Items from a dataset
- - - - -
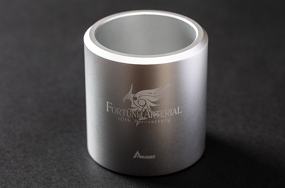 オーガスト on twitter 夏コミグッズの紹介です グッズ6つ目は fortune arterial 10周年記念メタルポット アルマイト加工済アルミニウム製で 鍵や眼鏡などの小物入れ ペン立て ペットボトル転倒防止ホルダーなど様々な使い方ができます https t co
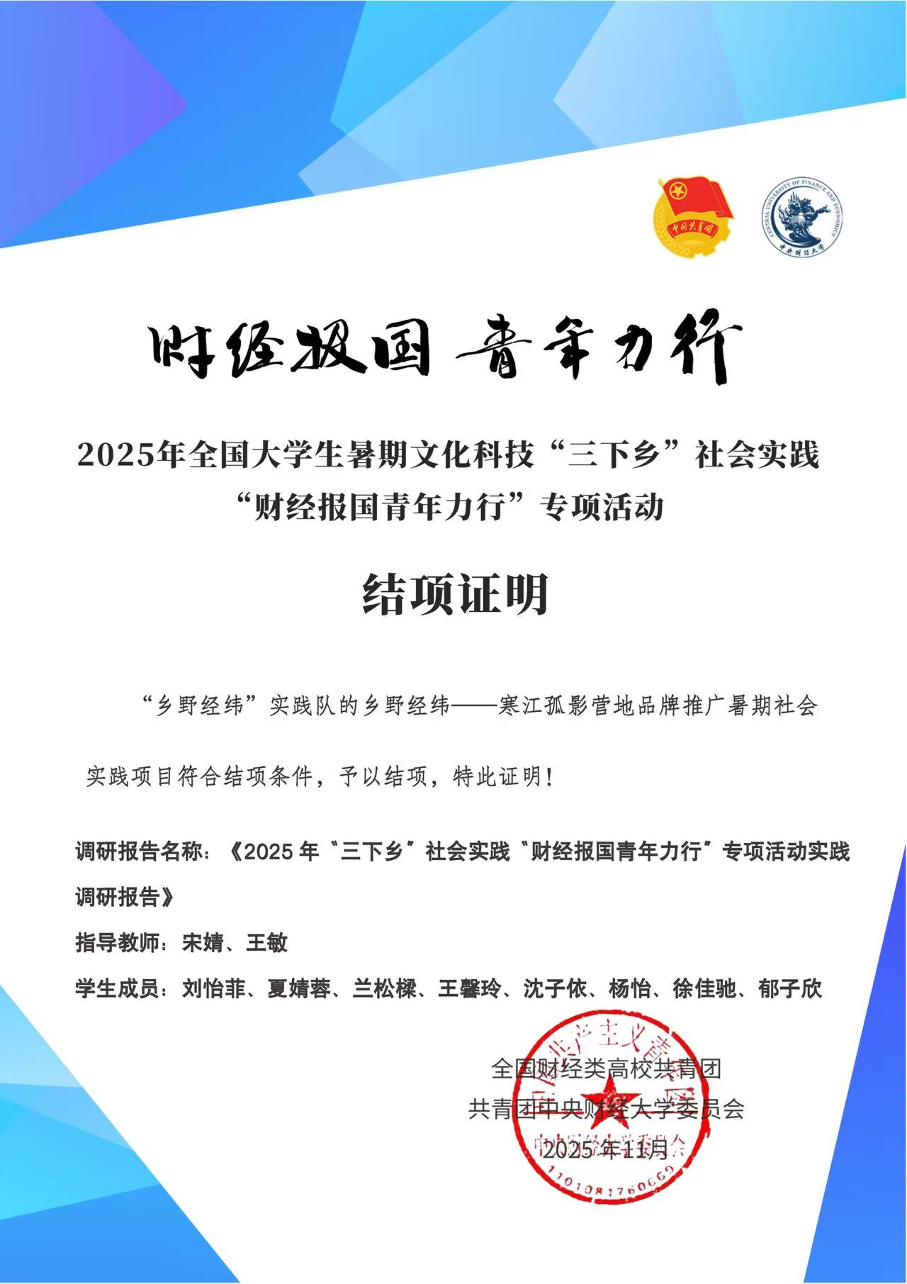 近日,我院乡野经纬社会实践团队在2025年全国大学生暑期“三下乡”社会实践系列活动中表现突出,荣获多项荣誉。团队成功入选团中央“千万工程”专项活动,成为全国132支完成实践并予以公示的团队之一;项目《寒江孤影营地品牌推广》在“财经报国青年力行”专项中通过审核并获结项证明;在第三届“两山杯”全国大学生乡村振兴创新创意创业大赛中,项目《乡野经纬》荣获创意赛道全国三等奖。
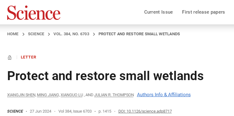 Xiangjin Shen, Ming Jiang, Xianguo Lu, Julian R. Thompson. Protect and restore small wetlands, Science, 2024, 384: 1415. DOI: 10.1126/science.adp8717.
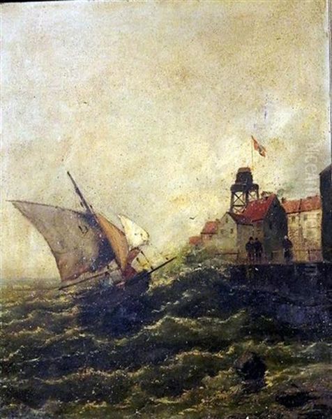 Coming In To Harbour + Wind Off The Harbour (2 Works) Oil Painting - Georg Fischhof
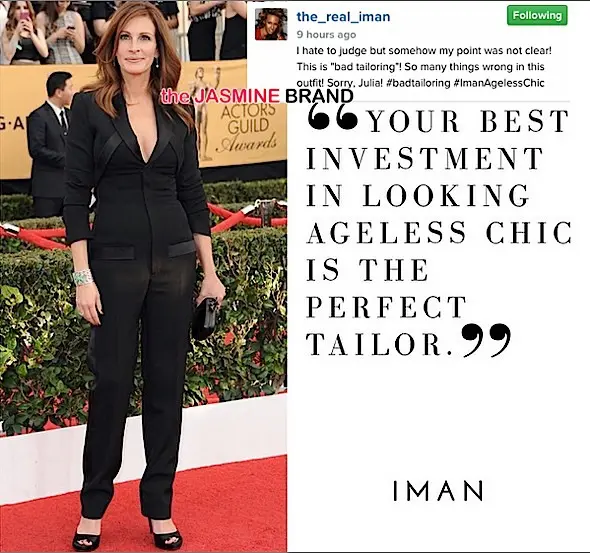 Who needs E!’s Fashion Police, when there are endless fashion experts on social media. Last night, supermodel Iman (real name Iman Mohamed Abdulmajid) — who also happens to be a pioneer in the ethnic cosmetics industry — weighed in on her thoughts on the fashion at the SAG Awards. Posting on Instagram, she shared a series of photos, inserting her fashion point of view. Harmless, right?
- - - - -
Task goal –
What you return should match the entries word for word, pictures aside.

Answer area –
 オーガスト on twitter 夏コミグッズの紹介です グッズ6つ目は fortune arterial 10周年記念メタルポット アルマイト加工済アルミニウム製で 鍵や眼鏡などの小物入れ ペン立て ペットボトル転倒防止ホルダーなど様々な使い方ができます https t co
 近日,我院乡野经纬社会实践团队在2025年全国大学生暑期“三下乡”社会实践系列活动中表现突出,荣获多项荣誉。团队成功入选团中央“千万工程”专项活动,成为全国132支完成实践并予以公示的团队之一;项目《寒江孤影营地品牌推广》在“财经报国青年力行”专项中通过审核并获结项证明;在第三届“两山杯”全国大学生乡村振兴创新创意创业大赛中,项目《乡野经纬》荣获创意赛道全国三等奖。
 Xiangjin Shen, Ming Jiang, Xianguo Lu, Julian R. Thompson. Protect and restore small wetlands, Science, 2024, 384: 1415. DOI: 10.1126/science.adp8717.
 Coming In To Harbour + Wind Off The Harbour (2 Works) Oil Painting - Georg Fischhof
 Who needs E!’s Fashion Police, when there are endless fashion experts on social media. Last night, supermodel Iman (real name Iman Mohamed Abdulmajid) — who also happens to be a pioneer in the ethnic cosmetics industry — weighed in on her thoughts on the fashion at the SAG Awards. Posting on Instagram, she shared a series of photos, inserting her fashion point of view. Harmless, right?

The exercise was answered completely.